Staying put? It's easier while you're still employed, but refinancing or "recasting" your mortgage loan might be an option to lower payments. Refinancing means taking out a new loan with substantial fees while recasting (offered by some but not all lenders) means putting down a lump sum to help lower the balance, interest, and future payments. Recasting may not be a good idea if the lump sum would come from retirement accounts.
Another option, if the mortgage balance is less than half of the home's market value, is a reverse mortgage. Reverse mortgages allow those 62 and older to tap into their home equity without having to pay the money back until they move out, sell the house, or die.
A Home Equity Line of Credit, or HELOC, is like a credit card that allows you to borrow against the value of your home. This option is dangerous and should be used for emergencies only, like funding home repairs or long-term care, not for frivolous spending. Payments can spike after the initial interest-only "draw period" ends, usually after 10 years.
A reverse mortgage HELOC costs more to set up, but the payments are optional. This can be a potential source of cash in market downturns--a retiree can draw on the HELOC rather than selling stocks in a bad market--and pay the money back in good markets. "The key advantage is the ability to choose if and when to make payments, and ability to access a growing line of credit," says Tom C.B. Davison, a certified financial planner in Columbus, Ohio.

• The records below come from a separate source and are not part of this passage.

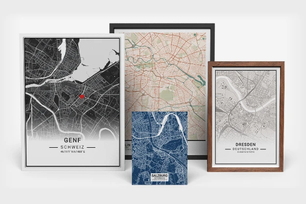Designe deine personalisierte, einzigartige Karte von jeder Stadt der Welt.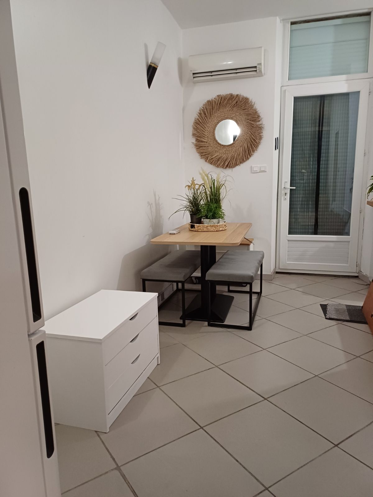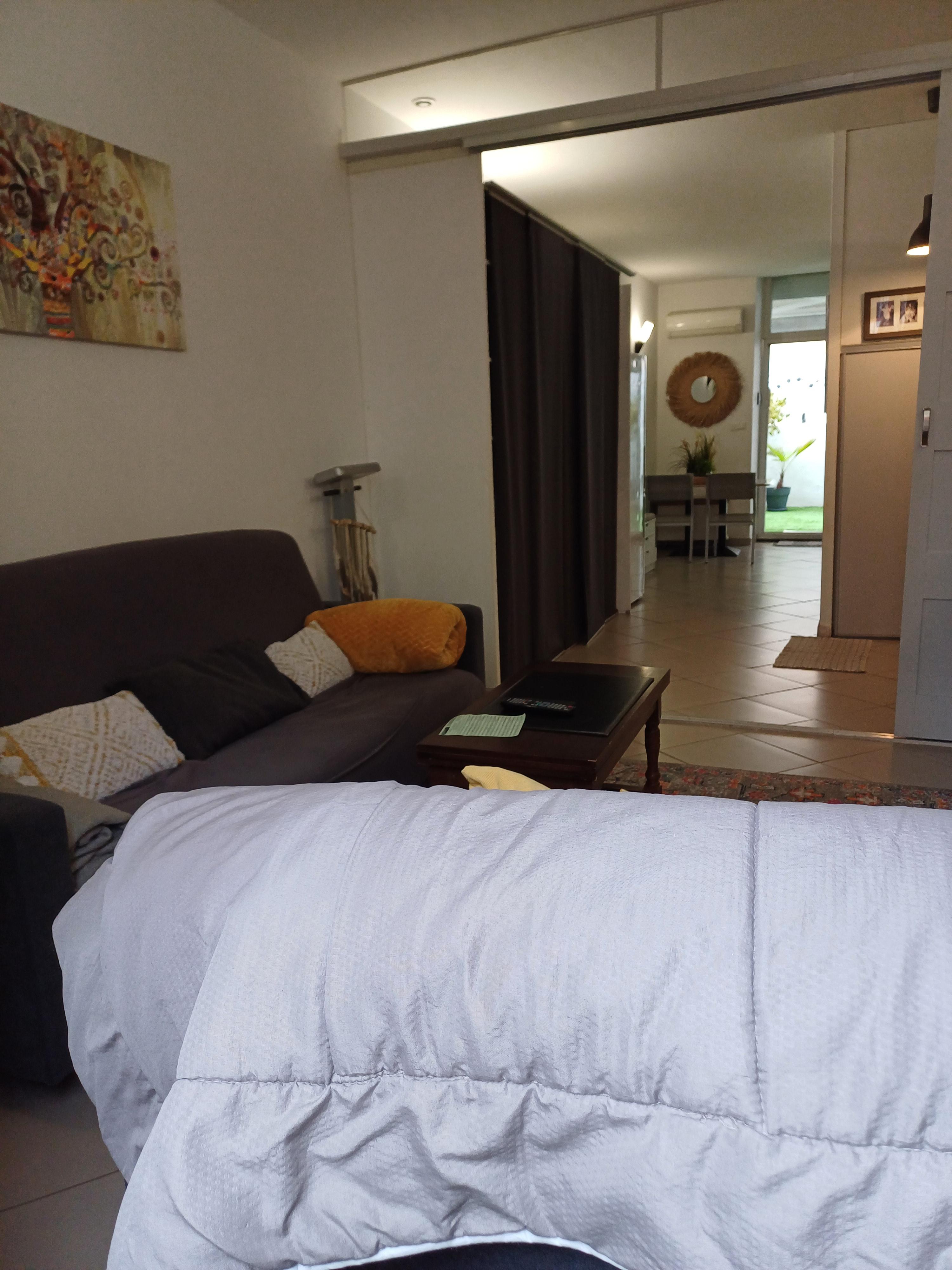 1 living room with kitchenette and lounge area, 102" screen TV (Netflix access) 1 large 18m² living room with two convertible sofas with 140x200 Bultex mattresses 5m² shower room with shower, toilet, sink, washing machine, and separate toilet Equipped kitchen area: 2 induction hobs, 31L multi-function countertop oven, dishwasher, kettle, toaster, filter and Nespresso coffee maker, large fridge-freezer Dry inertia heating and 1 air cooler. Internet access, On-street parking and beach and market parking nearby. All shops, restaurants, and amenities are 100m away, and beaches are 450m away. Bed linens and towels are available upon request and at an additional cost. Table linens are included. Pets are not allowed.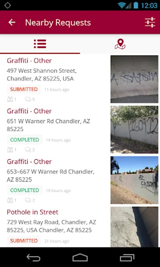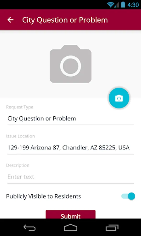 Chandler Public Stuff allows service requests (potholes, noise complaints, dangerous conditions, etc) to be submitted directly to the your local government, where it will be instantly routed to the correct administrator in the appropriate department. This means your service requests will be responded to quickly and efficiently, and you'll be notified the instant they are resolved!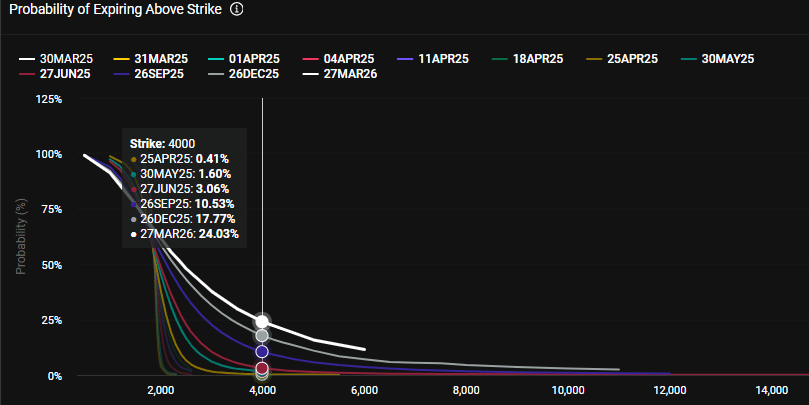 Los operadores de opciones de Deribit no esperan alcanzar la meta de $ 4K hasta septiembre (un 10% de probabilidad). ETH actualmente está valorado en $ 1.87,000, un 54 por ciento menos que el pico de diciembre de $ 4,000.
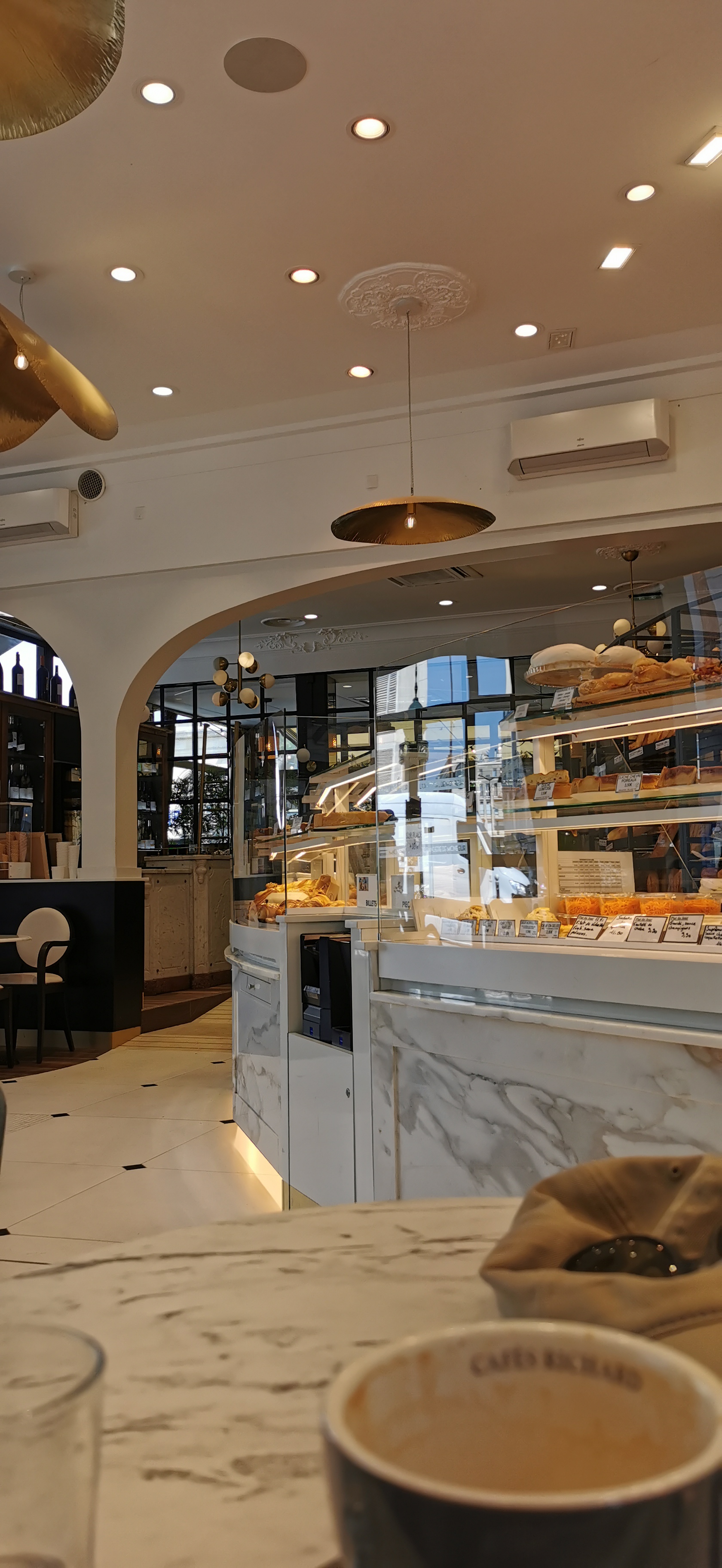 Le cadre est moderne mais beau (très réussi). Nous y avons bu 2 cafés au lait, bons mais trop chers à mon goût, l'emplacement se paie aussi. Fait important : l'état des toilettes est négligé (voir les photos).
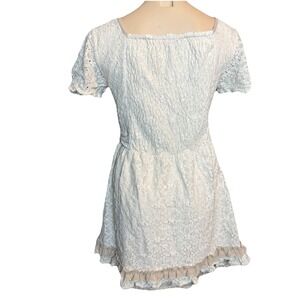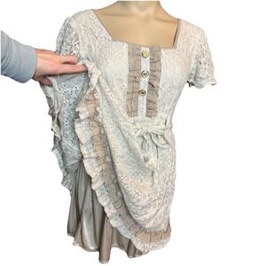 Axes Femme Cream Lace Dress – Layered Hem, square Neck Tie Waist Mori Girl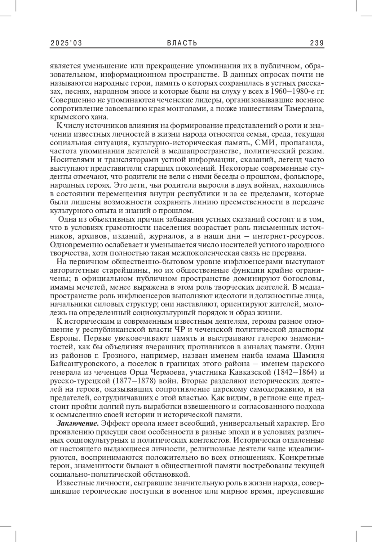 В статье рассматривается проявление эффекта ореола личности в социокультурных и политических условиях постконфликтного региона, раскрываются особенности действия данного эффекта на различных стадиях протекания конфликта. Автор выделяет взаимосвязанные структурные компоненты социокультурного контекста, определяет рейтинговую иерархию выдающихся личностей, меняющуюся с изменением социально-политической обстановки, устанавливает связь предпочтения знаменитости и политических взглядов респондентов. В статье характеризуется отношение к знаменитостям религиозной, военной, государственной сферы, выявляется ценностная мотивация их дифференцированного восприятия, определяются причины забвения одних и актуализации других героев, лидеров, обозначаются источники формирования представлений об исторических и современных деятелях.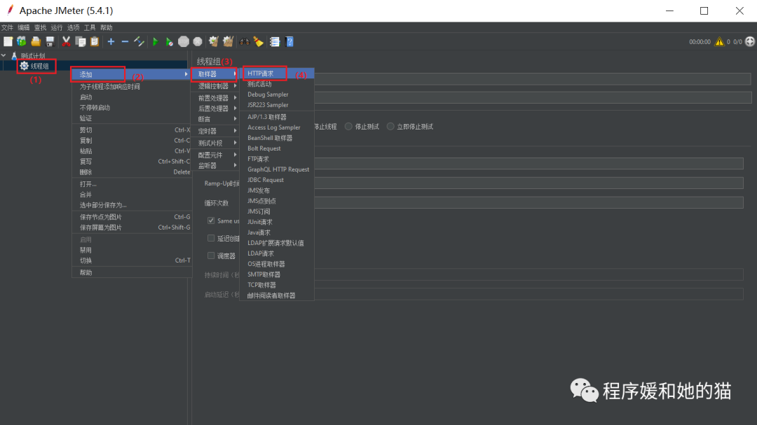 右键点击 “刚才创建的线程组” → “添加” → “取样器” → “HTTP请求”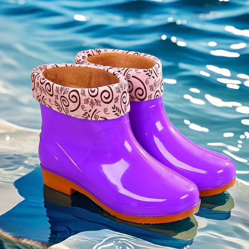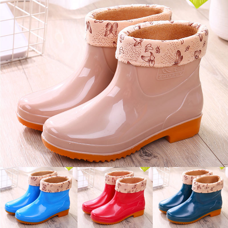 짧은 장화 여성용 가정용 미끄럼 방지 방수 신발 낮은 장화 여성 성인 기모 낮은 고무 신발 따뜻한 고무 신발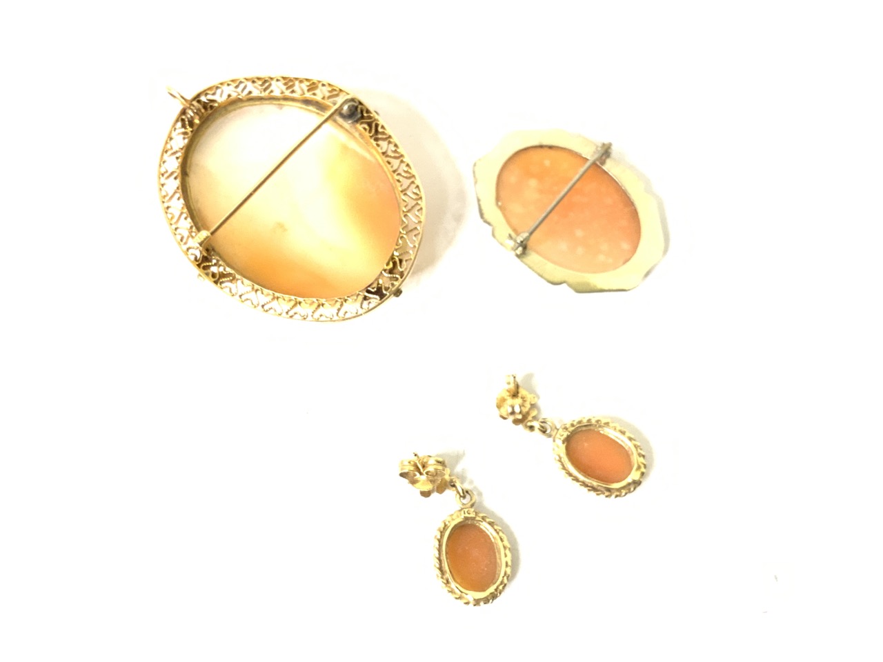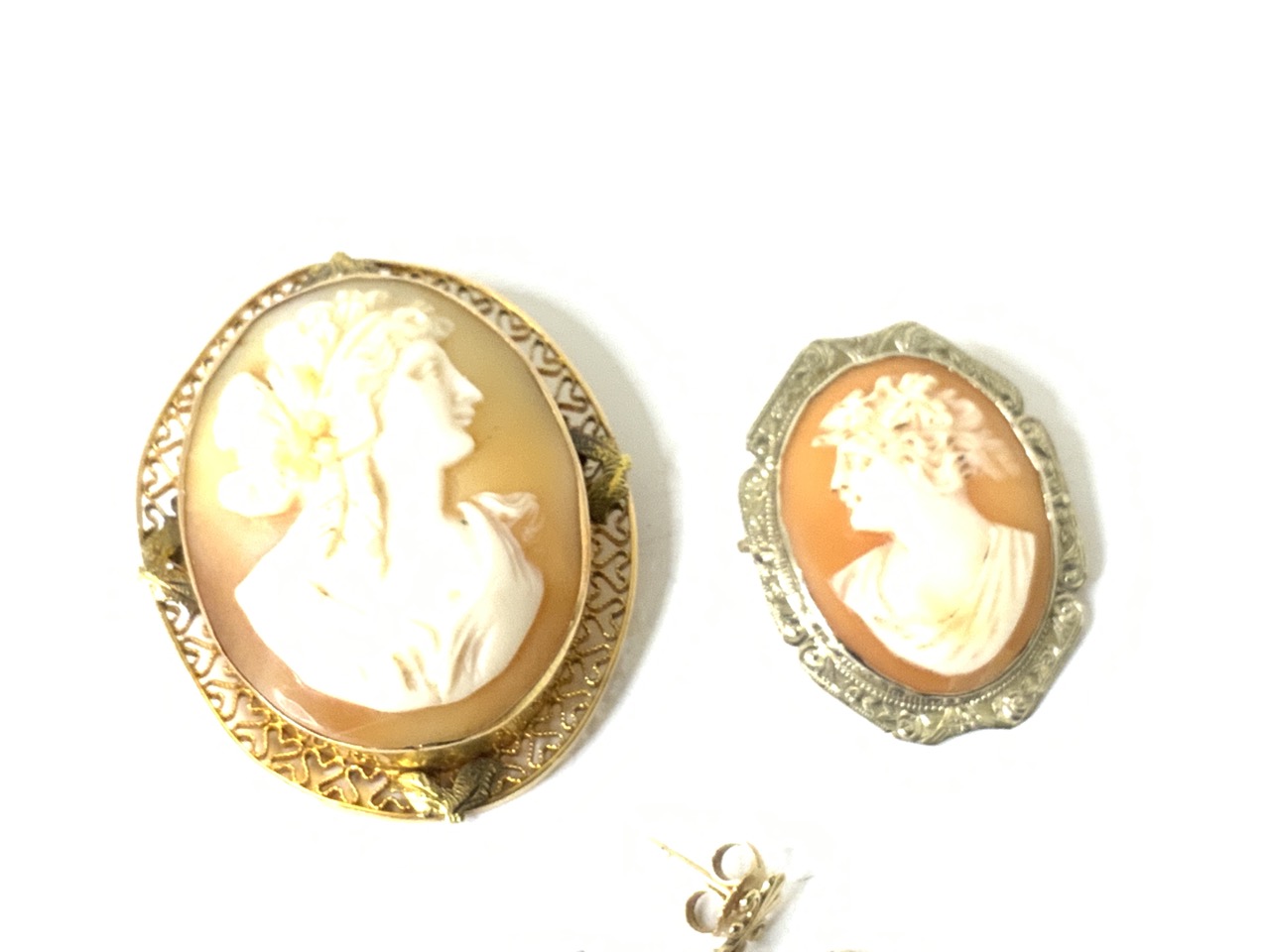 Two (2) 14k gold cameo brooch pins and a pair of 14k cameo earrings.

Monthly payments eating up too much of your income? Consider working in retirement. Swelling numbers of Americans these days are working in retirement, taking part-time jobs and launching businesses. There's no rule against working and claiming Social Security simultaneously. Once you reach full retirement age, you can earn as much as you want without facing a decrease in your monthly payment. Be creative about generating extra cash. Could you take a part-time job? Maybe you could even make enough to pay down your principal and get out of debt sooner. Plus, working gives you something to do that doesn't involve spending more money. Or, maybe look into a roommate. That's extra income without any work!
This is another "duh", but it can't hurt to look for ways to tighten your belt and live more frugally. Temporarily stop going on trips. Buy groceries and cook at home instead of eating out. With streaming apps like Netflix, Hulu, and Amazon Prime Video, you could even cut the cable cord and save hundreds of dollars a year.
Kiplinger has a very good article about not making payments for your children when you can barely afford your own!
When faced with an unaffordable tax bill or medical bills, resist the urge to pull out the plastic. Check the IRS installment plan rate before pulling out the plastic or getting a personal loan. Even medical debt is negotiable. Ask the health care provider if you qualify for any discounts or can negotiate a payment plan. While you're at it, ask for an itemized list of the charges. It might shame them into taking that $37 bandaid off the bill. You may also benefit from government programs that help eligible families with medical bills. None of these options are available once you put it on plastic.